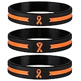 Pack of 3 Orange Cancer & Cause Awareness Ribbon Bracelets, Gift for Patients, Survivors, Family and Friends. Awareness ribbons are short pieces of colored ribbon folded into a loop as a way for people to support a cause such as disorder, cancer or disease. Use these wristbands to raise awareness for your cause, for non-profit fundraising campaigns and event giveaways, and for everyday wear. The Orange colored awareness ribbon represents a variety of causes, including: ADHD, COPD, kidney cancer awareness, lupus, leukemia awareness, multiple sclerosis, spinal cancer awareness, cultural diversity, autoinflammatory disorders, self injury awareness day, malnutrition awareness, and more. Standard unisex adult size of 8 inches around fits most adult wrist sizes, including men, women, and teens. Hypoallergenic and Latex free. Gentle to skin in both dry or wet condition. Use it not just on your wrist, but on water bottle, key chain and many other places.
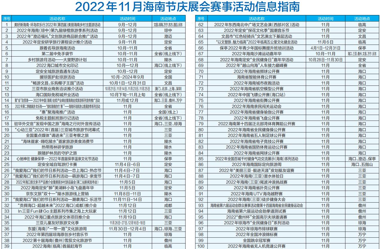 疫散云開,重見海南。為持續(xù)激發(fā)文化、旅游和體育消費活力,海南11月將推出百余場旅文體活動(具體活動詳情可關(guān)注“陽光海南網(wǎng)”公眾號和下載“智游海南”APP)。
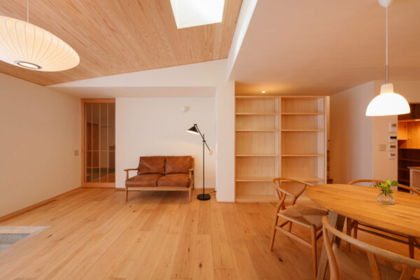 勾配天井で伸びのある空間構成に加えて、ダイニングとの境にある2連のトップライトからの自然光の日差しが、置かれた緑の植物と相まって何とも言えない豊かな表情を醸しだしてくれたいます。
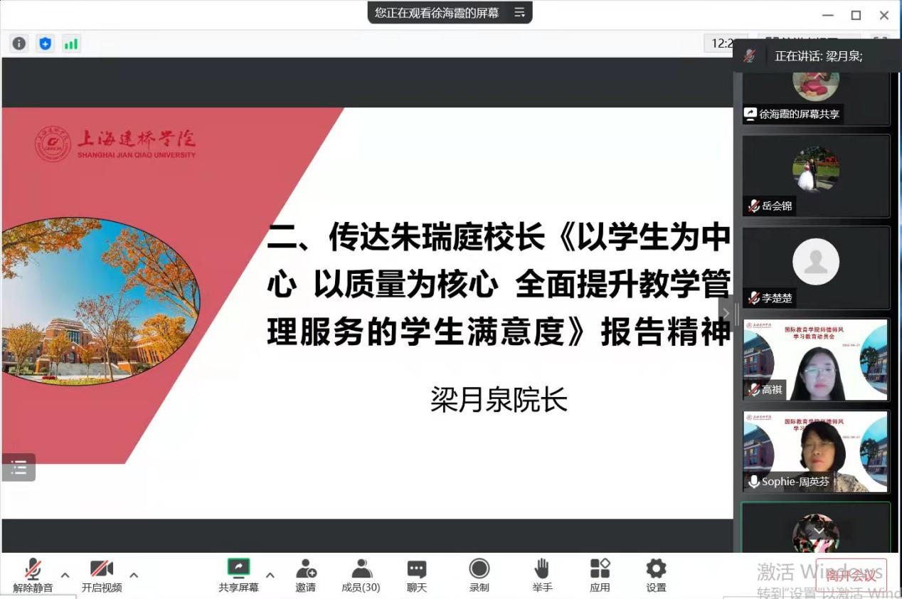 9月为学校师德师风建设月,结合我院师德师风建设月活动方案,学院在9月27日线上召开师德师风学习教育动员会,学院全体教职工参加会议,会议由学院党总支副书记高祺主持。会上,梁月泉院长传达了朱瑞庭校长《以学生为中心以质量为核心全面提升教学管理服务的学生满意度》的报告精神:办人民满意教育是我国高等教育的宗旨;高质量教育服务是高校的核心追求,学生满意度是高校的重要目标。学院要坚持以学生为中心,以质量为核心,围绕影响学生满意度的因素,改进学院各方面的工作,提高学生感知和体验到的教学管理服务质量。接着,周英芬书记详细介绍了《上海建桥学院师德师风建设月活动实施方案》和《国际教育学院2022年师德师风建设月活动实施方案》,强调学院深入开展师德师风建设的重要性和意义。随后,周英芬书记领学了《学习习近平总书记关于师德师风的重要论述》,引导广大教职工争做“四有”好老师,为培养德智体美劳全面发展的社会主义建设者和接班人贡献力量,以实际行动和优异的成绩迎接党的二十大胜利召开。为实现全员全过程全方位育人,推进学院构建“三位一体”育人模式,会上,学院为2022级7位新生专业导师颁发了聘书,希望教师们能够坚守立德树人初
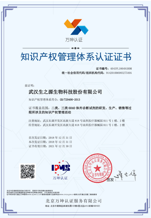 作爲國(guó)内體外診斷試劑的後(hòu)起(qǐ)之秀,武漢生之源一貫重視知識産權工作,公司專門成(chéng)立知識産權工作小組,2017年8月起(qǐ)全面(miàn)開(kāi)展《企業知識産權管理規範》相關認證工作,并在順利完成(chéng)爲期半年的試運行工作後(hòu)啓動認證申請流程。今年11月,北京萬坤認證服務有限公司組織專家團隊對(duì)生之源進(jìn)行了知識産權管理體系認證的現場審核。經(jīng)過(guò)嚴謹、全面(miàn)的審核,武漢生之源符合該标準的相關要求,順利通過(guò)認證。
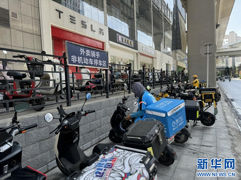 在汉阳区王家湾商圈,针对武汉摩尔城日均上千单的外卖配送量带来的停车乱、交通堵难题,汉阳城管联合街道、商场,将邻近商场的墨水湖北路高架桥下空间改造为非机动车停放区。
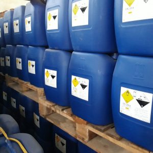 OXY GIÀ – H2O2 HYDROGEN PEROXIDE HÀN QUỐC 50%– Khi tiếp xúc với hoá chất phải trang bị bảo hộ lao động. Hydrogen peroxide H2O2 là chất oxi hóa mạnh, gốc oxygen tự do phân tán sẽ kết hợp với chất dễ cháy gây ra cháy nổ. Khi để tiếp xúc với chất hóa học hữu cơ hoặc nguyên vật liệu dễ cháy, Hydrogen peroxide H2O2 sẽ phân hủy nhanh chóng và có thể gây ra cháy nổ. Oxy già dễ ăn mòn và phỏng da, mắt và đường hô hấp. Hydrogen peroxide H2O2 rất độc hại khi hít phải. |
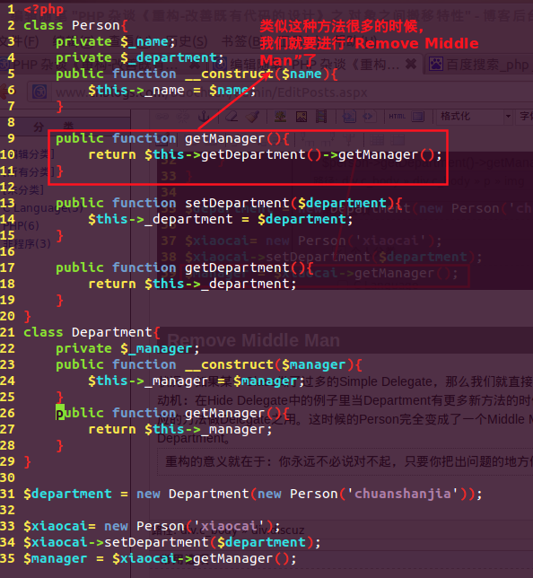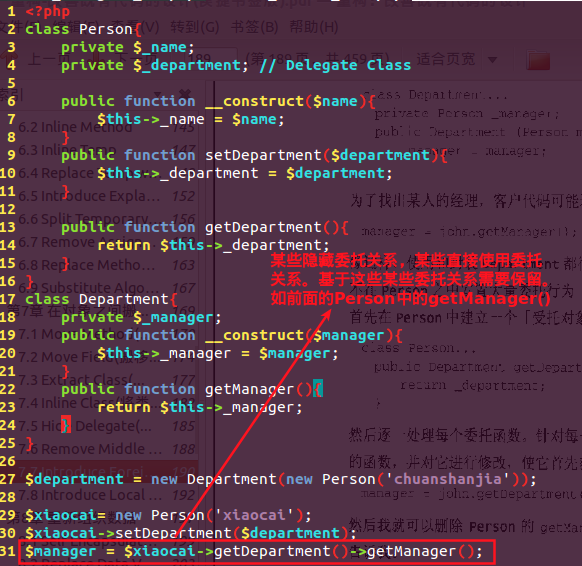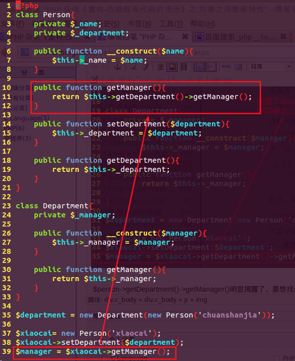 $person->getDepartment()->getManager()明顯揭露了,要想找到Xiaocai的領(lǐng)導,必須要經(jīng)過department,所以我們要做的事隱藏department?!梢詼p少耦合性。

* * *

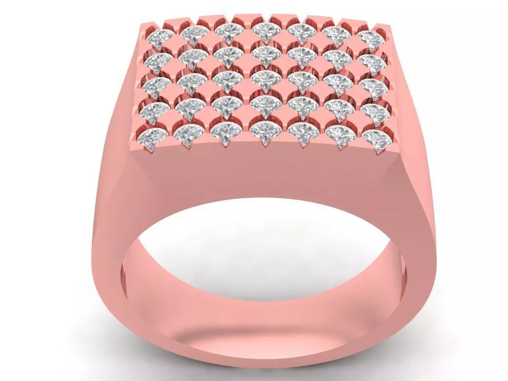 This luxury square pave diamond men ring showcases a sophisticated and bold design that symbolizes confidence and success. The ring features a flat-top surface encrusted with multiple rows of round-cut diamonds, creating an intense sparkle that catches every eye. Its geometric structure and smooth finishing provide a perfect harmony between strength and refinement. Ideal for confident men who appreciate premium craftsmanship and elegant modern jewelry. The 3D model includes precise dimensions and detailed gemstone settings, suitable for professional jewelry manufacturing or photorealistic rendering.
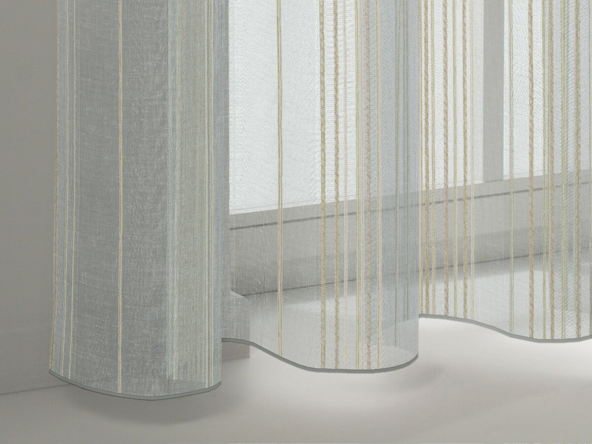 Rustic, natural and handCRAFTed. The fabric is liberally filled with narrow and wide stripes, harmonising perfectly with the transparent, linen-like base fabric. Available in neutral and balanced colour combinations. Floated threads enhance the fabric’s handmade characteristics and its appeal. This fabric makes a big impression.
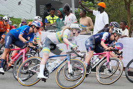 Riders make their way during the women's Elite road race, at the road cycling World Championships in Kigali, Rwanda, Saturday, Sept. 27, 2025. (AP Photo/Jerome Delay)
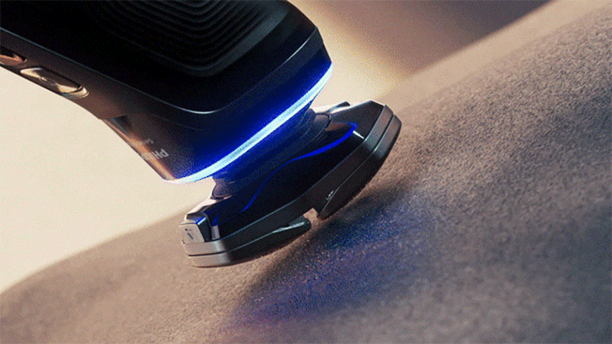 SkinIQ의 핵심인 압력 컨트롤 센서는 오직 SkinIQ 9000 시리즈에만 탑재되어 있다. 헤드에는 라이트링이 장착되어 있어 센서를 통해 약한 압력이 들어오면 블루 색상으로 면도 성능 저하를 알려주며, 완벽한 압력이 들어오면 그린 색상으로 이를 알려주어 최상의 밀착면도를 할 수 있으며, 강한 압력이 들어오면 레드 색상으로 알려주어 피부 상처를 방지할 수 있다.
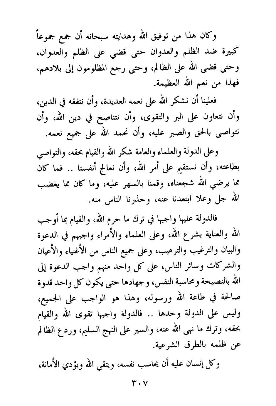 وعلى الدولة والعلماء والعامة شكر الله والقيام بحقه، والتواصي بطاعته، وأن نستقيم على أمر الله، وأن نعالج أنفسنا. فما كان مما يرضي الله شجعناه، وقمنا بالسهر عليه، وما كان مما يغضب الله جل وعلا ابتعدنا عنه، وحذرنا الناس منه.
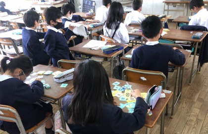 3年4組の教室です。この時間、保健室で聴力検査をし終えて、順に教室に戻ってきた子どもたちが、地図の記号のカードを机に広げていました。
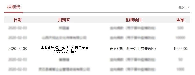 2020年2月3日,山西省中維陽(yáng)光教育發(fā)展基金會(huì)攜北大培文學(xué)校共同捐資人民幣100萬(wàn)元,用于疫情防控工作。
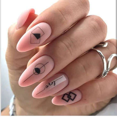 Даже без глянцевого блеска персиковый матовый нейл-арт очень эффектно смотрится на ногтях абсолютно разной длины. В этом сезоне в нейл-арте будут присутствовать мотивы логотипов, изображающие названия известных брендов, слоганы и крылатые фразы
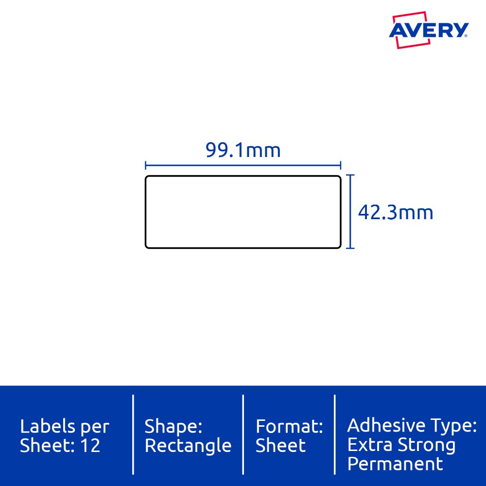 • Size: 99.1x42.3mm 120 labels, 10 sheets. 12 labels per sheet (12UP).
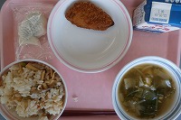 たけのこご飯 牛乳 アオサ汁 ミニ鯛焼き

* * *

Task details —
Of the lines above, quote exactly those from the one with "Pack of 3 Orange" through the one with "在汉阳区王家湾商圈,针对武汉", ends included; pictures stay out.

Task response —
 Pack of 3 Orange Cancer & Cause Awareness Ribbon Bracelets, Gift for Patients, Survivors, Family and Friends. Awareness ribbons are short pieces of colored ribbon folded into a loop as a way for people to support a cause such as disorder, cancer or disease. Use these wristbands to raise awareness for your cause, for non-profit fundraising campaigns and event giveaways, and for everyday wear. The Orange colored awareness ribbon represents a variety of causes, including: ADHD, COPD, kidney cancer awareness, lupus, leukemia awareness, multiple sclerosis, spinal cancer awareness, cultural diversity, autoinflammatory disorders, self injury awareness day, malnutrition awareness, and more. Standard unisex adult size of 8 inches around fits most adult wrist sizes, including men, women, and teens. Hypoallergenic and Latex free. Gentle to skin in both dry or wet condition. Use it not just on your wrist, but on water bottle, key chain and many other places.
 疫散云開,重見海南。為持續(xù)激發(fā)文化、旅游和體育消費活力,海南11月將推出百余場旅文體活動(具體活動詳情可關(guān)注“陽光海南網(wǎng)”公眾號和下載“智游海南”APP)。
 勾配天井で伸びのある空間構成に加えて、ダイニングとの境にある2連のトップライトからの自然光の日差しが、置かれた緑の植物と相まって何とも言えない豊かな表情を醸しだしてくれたいます。
 9月为学校师德师风建设月,结合我院师德师风建设月活动方案,学院在9月27日线上召开师德师风学习教育动员会,学院全体教职工参加会议,会议由学院党总支副书记高祺主持。会上,梁月泉院长传达了朱瑞庭校长《以学生为中心以质量为核心全面提升教学管理服务的学生满意度》的报告精神:办人民满意教育是我国高等教育的宗旨;高质量教育服务是高校的核心追求,学生满意度是高校的重要目标。学院要坚持以学生为中心,以质量为核心,围绕影响学生满意度的因素,改进学院各方面的工作,提高学生感知和体验到的教学管理服务质量。接着,周英芬书记详细介绍了《上海建桥学院师德师风建设月活动实施方案》和《国际教育学院2022年师德师风建设月活动实施方案》,强调学院深入开展师德师风建设的重要性和意义。随后,周英芬书记领学了《学习习近平总书记关于师德师风的重要论述》,引导广大教职工争做“四有”好老师,为培养德智体美劳全面发展的社会主义建设者和接班人贡献力量,以实际行动和优异的成绩迎接党的二十大胜利召开。为实现全员全过程全方位育人,推进学院构建“三位一体”育人模式,会上,学院为2022级7位新生专业导师颁发了聘书,希望教师们能够坚守立德树人初
 作爲國(guó)内體外診斷試劑的後(hòu)起(qǐ)之秀,武漢生之源一貫重視知識産權工作,公司專門成(chéng)立知識産權工作小組,2017年8月起(qǐ)全面(miàn)開(kāi)展《企業知識産權管理規範》相關認證工作,并在順利完成(chéng)爲期半年的試運行工作後(hòu)啓動認證申請流程。今年11月,北京萬坤認證服務有限公司組織專家團隊對(duì)生之源進(jìn)行了知識産權管理體系認證的現場審核。經(jīng)過(guò)嚴謹、全面(miàn)的審核,武漢生之源符合該标準的相關要求,順利通過(guò)認證。
 在汉阳区王家湾商圈,针对武汉摩尔城日均上千单的外卖配送量带来的停车乱、交通堵难题,汉阳城管联合街道、商场,将邻近商场的墨水湖北路高架桥下空间改造为非机动车停放区。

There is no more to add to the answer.